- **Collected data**
◆ ◆ ◆
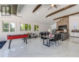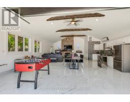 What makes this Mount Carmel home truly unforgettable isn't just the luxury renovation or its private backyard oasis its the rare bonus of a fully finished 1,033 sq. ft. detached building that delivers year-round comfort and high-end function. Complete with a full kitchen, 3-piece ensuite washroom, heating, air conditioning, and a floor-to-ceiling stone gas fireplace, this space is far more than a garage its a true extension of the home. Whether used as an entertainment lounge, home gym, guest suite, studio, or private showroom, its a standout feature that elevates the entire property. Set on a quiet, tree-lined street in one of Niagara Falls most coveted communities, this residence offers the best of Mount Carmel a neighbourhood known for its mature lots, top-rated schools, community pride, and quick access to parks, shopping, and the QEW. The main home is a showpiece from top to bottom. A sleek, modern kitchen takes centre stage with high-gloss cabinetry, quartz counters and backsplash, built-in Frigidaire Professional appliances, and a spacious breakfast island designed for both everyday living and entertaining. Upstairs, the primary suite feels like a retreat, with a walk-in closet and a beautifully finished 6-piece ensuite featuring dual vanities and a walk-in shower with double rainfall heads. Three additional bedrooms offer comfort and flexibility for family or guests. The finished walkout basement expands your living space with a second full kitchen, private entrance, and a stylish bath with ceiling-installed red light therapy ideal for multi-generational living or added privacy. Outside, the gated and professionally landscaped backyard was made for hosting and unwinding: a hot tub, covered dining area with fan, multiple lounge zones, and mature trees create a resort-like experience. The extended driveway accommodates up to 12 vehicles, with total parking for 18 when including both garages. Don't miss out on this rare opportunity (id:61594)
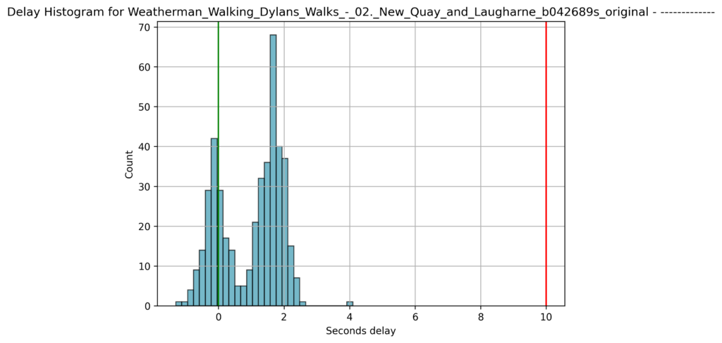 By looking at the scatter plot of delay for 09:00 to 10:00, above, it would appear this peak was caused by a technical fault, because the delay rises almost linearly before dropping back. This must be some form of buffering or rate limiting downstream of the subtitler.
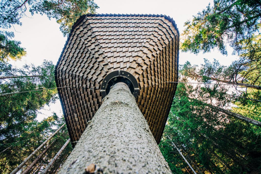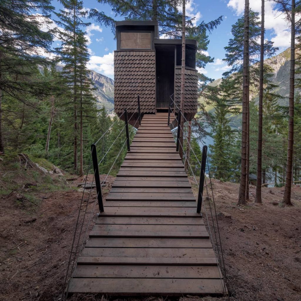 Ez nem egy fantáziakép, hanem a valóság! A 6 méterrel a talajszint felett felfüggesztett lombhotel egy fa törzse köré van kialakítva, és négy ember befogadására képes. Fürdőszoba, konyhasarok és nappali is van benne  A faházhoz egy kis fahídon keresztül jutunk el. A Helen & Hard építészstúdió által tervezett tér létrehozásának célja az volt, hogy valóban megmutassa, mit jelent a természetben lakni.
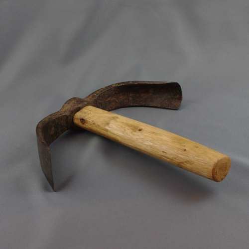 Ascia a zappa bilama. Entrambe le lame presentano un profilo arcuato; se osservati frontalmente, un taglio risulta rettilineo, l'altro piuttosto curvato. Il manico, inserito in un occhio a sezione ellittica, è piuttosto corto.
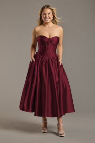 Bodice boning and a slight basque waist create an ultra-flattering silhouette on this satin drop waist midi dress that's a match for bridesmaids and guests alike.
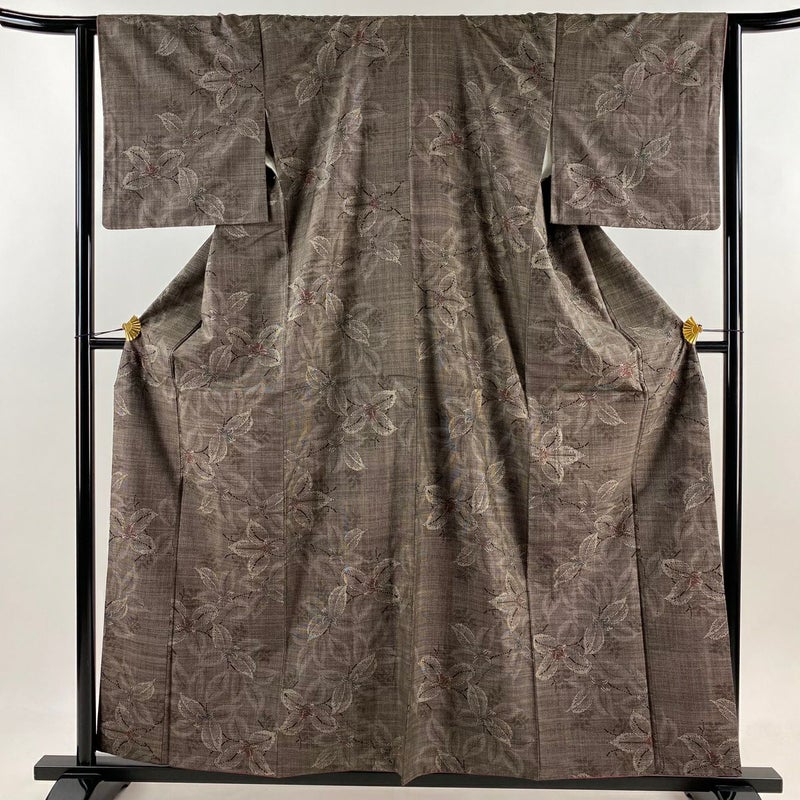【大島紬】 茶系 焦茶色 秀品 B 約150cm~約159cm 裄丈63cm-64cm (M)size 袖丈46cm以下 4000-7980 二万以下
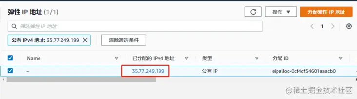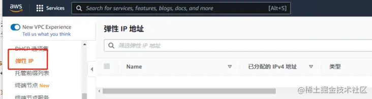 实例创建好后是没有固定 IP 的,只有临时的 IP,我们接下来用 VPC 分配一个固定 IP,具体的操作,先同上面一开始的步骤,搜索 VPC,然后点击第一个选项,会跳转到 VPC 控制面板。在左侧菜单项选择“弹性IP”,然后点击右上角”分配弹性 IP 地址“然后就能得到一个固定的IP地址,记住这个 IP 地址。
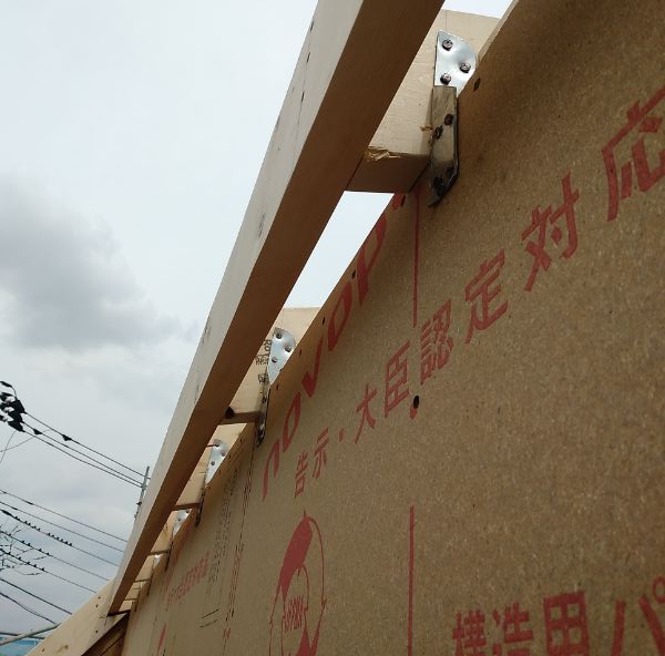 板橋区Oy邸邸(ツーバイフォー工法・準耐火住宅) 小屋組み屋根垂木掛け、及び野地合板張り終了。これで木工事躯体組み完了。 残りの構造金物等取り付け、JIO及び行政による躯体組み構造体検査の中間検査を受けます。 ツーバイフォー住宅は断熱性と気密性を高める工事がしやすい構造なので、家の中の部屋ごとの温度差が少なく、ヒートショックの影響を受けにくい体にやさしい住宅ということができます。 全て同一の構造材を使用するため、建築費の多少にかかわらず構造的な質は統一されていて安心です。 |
◆ ◆ ◆
- **PROMPT**
Set down exactly the lines between the line containing "实例创建好后是没有固定 IP 的,只有临时的" and the end of the records above, both ends included; pictures stay out.

- **EXPECTED OUTPUT**
 实例创建好后是没有固定 IP 的,只有临时的 IP,我们接下来用 VPC 分配一个固定 IP,具体的操作,先同上面一开始的步骤,搜索 VPC,然后点击第一个选项,会跳转到 VPC 控制面板。在左侧菜单项选择“弹性IP”,然后点击右上角”分配弹性 IP 地址“然后就能得到一个固定的IP地址,记住这个 IP 地址。
 板橋区Oy邸邸(ツーバイフォー工法・準耐火住宅) 小屋組み屋根垂木掛け、及び野地合板張り終了。これで木工事躯体組み完了。 残りの構造金物等取り付け、JIO及び行政による躯体組み構造体検査の中間検査を受けます。 ツーバイフォー住宅は断熱性と気密性を高める工事がしやすい構造なので、家の中の部屋ごとの温度差が少なく、ヒートショックの影響を受けにくい体にやさしい住宅ということができます。 全て同一の構造材を使用するため、建築費の多少にかかわらず構造的な質は統一されていて安心です。 |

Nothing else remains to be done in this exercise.